Alan Kay to return as COFES keynote

Kay is the inventor of object-oriented programming and considered the father of portable computing. Now he wants to re-invent programming to cope with its increased complexity. 

The visionary, award winning Dr. Alan Kay will give the main keynote presentation at COFES 2012, the Congress on the Future of Engineering Software. This marks the first time a COFES keynote speaker returns for a second round as the marque speaker; he first visited COFES in 2003.

Among those who created the foundations of modern computing, Kay is one of the giants. He is the father of object-oriented programming—the basis for all modern engineering software. He created the conceptual bases for laptop and tablet computers and e-books, and is the architect of the modern overlapping windowing graphical user interface. Among his many honors, Kay is the recipient of the ACM Turing Award, the Kyoto Prize, and the Charles Stark Draper Prize, all among the highest distinctions in the fields of computer science and engineering.

Dr. Alan Kay

Currently Kay is president of Viewpoints Research Institute, a nonprofit organization dedicated to both improving “powerful ideas education” for the world’s children and to advancing the state of systems research and personal computing. Many of the Institute’s themes co-evolved with the inventions of networked personal computers, graphical user interfaces and dynamic object-oriented programming.

Regarding the need to re-invent programming, Kay maintains that over time, increasingly complex needs have led to the creation of increasingly complex software, built in an incremental fashion—code on top of code. This process, particularly evident in the realm of engineering software, has led to program structures that can be hundreds of millions of lines of code that is intractable to change, redesign, and understanding. At COFES, Kay will discuss research towards reinventing programming—from scratch—to overcome this problem.

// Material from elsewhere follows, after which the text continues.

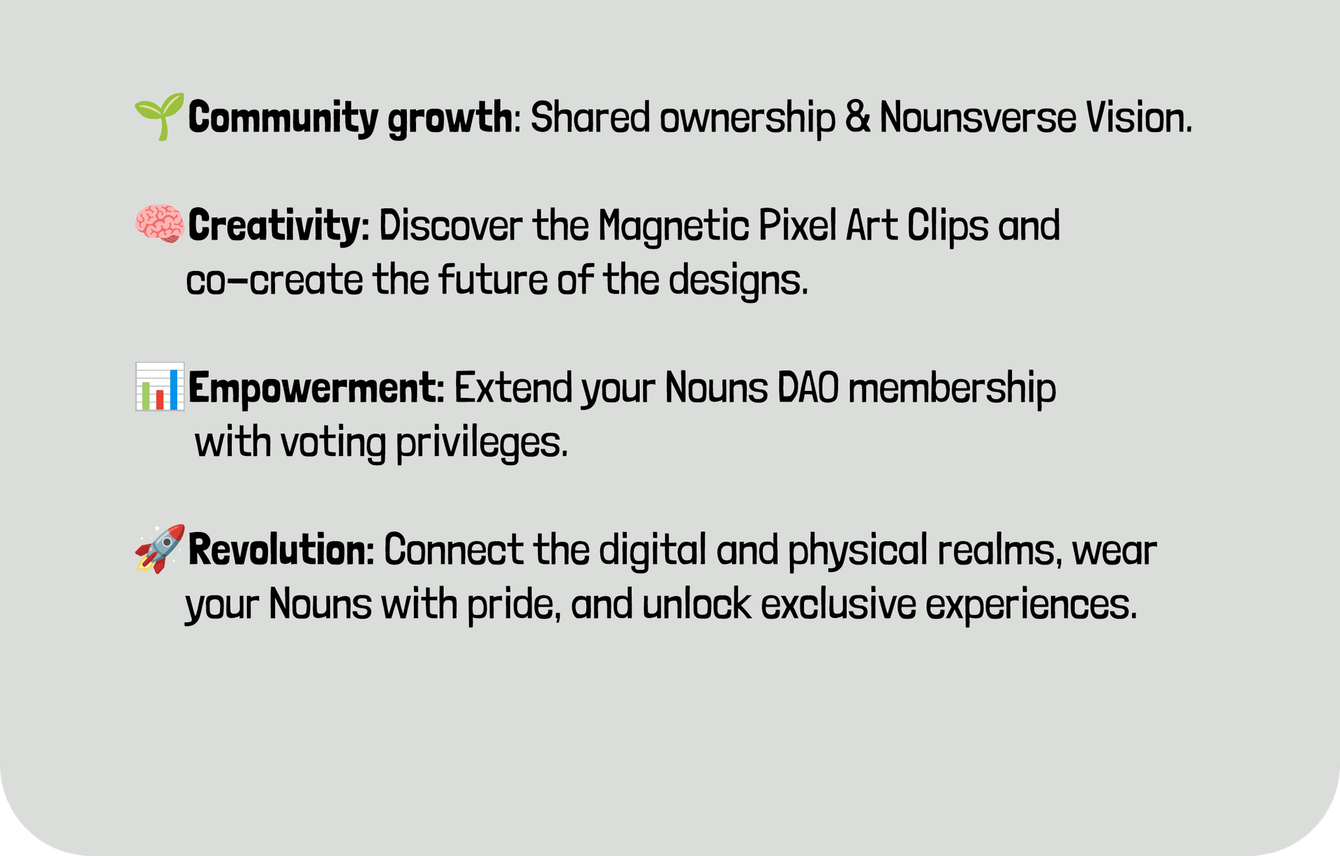 Decentralized Design Marketplace: Create a platform where Nouns DAO members and artists can submit and vote on new pixel art clip designs. Winning designs become part of the official collection.
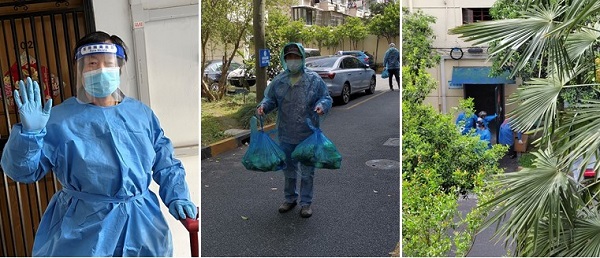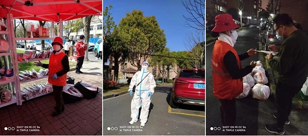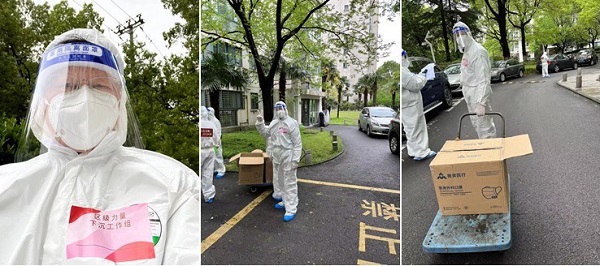 退休十四支部党员沙钝在“先锋上海”社区报到后,就参加了“静安四居委区级力量下沉工作组”群,成为了一名志愿者。4月14日,负责小区防疫物资发放工作。

“Alan Kay is one of a handful of computing pioneers whose visionary ideas have changed the world as we know it today,” said Brad Holtz, president and CEO of Cyon Research Corporation. “His recent research is of critical importance in the field of engineering software, where program complexity creates massive risk. The concepts he will be presenting at COFES could literally transform the industry.”

Kay’s 2003 COFES keynote address on new research in visual computing still stands as the only time a COFES keynote presentation was extended due to audience demand.